President George W. Bush argued in 2004 that the best way to grow the U.S. economy was by waging war, according to former Argentine Prime Minister Néstor Kirchner.
Kirchner, in a meeting with Bush, suggested that the United States replicate the successful nation-building strategy it implemented at the end of World War II.
"And he stood up from his chair and got angry. He told me, 'A Marshall plan! No! That's a crazy idea from the Democrats. What needs to be done here, and the best way to revitalize the economy is -- the United States has grown based on wars,' he told me. That's what he told me," Kirchner recounted.
Bush added, said Kirchner, that "all the economic growth that the U.S. had had, had been based on the different wars it had waged."
The former Argentine leader, whose wife now heads the country, made the comments in an interview with Oliver Stone for his upcoming documentary "South Of the Border."
The film is co-written by Tariq Ali, a British intellectual, and Mark Weisbrot of the Washington, D.C.-based Center for Economic and Policy Research. The film opens in theaters June 25th.
Kirchner held a 50-minute meeting in Monterrey, Mexico with Bush in January, 2004.
The charge startled even Oliver Stone. "War? He said that?" Stone asked Kirchner, who was among a wave of progressive leaders elected in Latin America over the last decade.

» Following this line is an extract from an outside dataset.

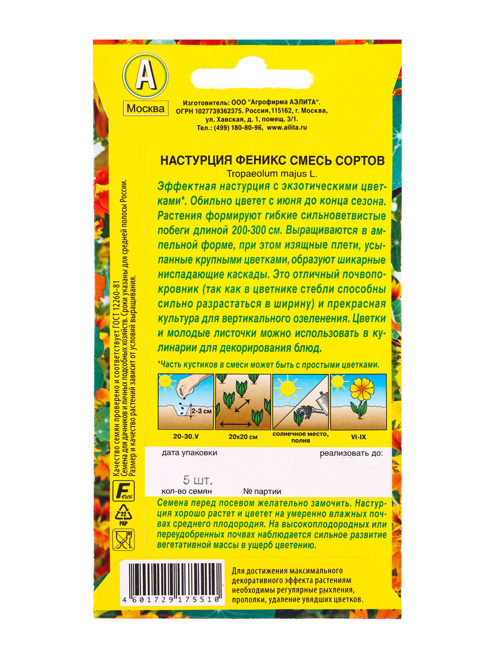 Семена цветов Настурция Феникс, смесь сортов, Ц/П,5 шт., Агрофирма АЭЛИТА, Индия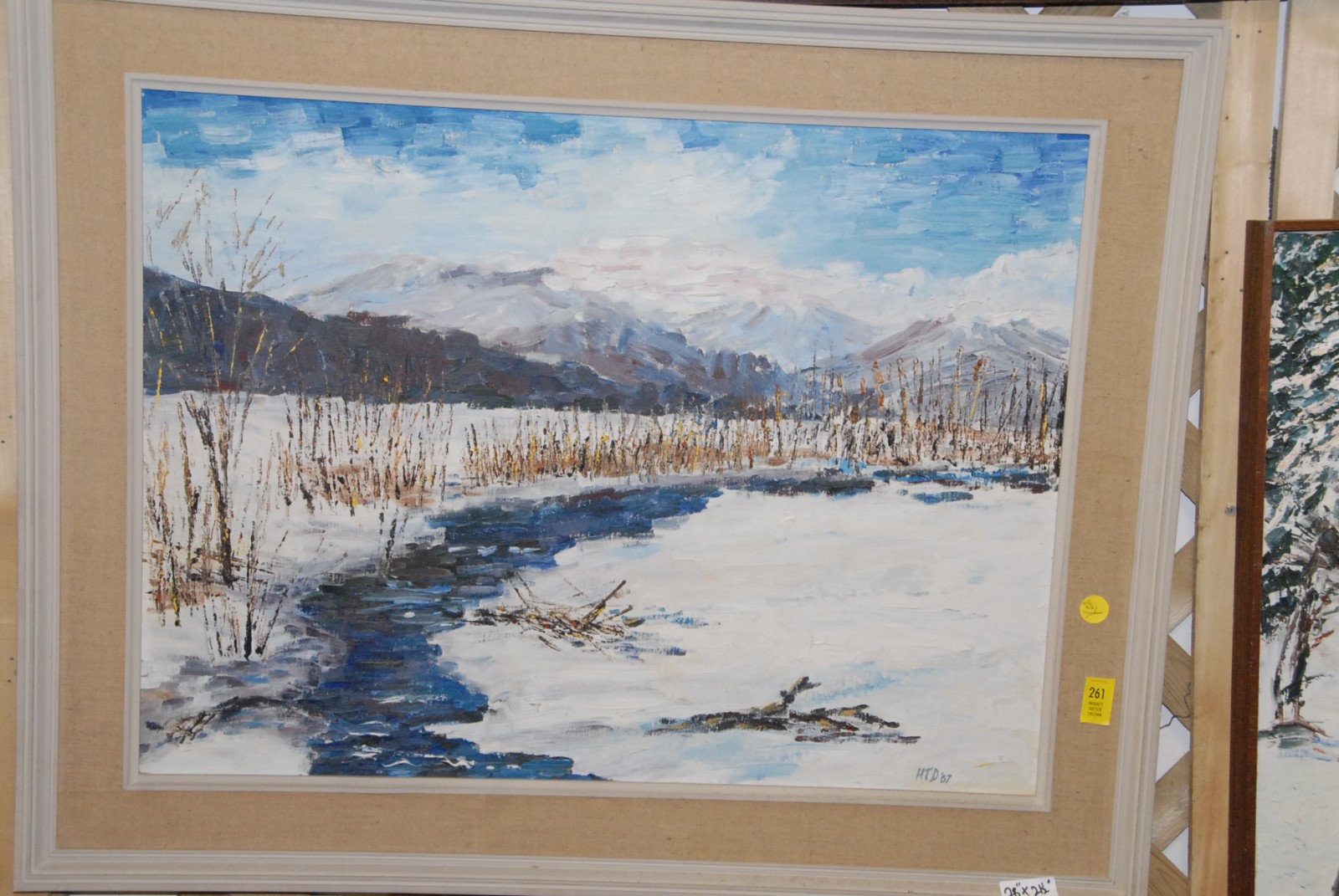 2 oil on canvas winter scenes, one of skiers, one of river and landscape

"He said that, word for word," Kirchner assured Stone.
Stone followed up: "Is he suggesting that Latin America should go to war?"
No, said Kirchner. "Well, he was talking about the United States, never said South America. That the United States -- that it was a misunderstanding of the Democrats, that all the economic growth that the U.S. had had, had been based on the different wars it had waged."
The Kirchner interview is done through a translator and the subtitles on the screen don't exactly match what Kirchner was saying, but more closely reflect how his comments were being translated at the time. The Huffington Post had three separate native Spanish speakers translate Kirchner's remarks. His comments above are the result of those translations.
If Kirchner is accurately relaying the comments, that would make Bush the highest-ranking public official to state outright that war is and has been good for the American economy.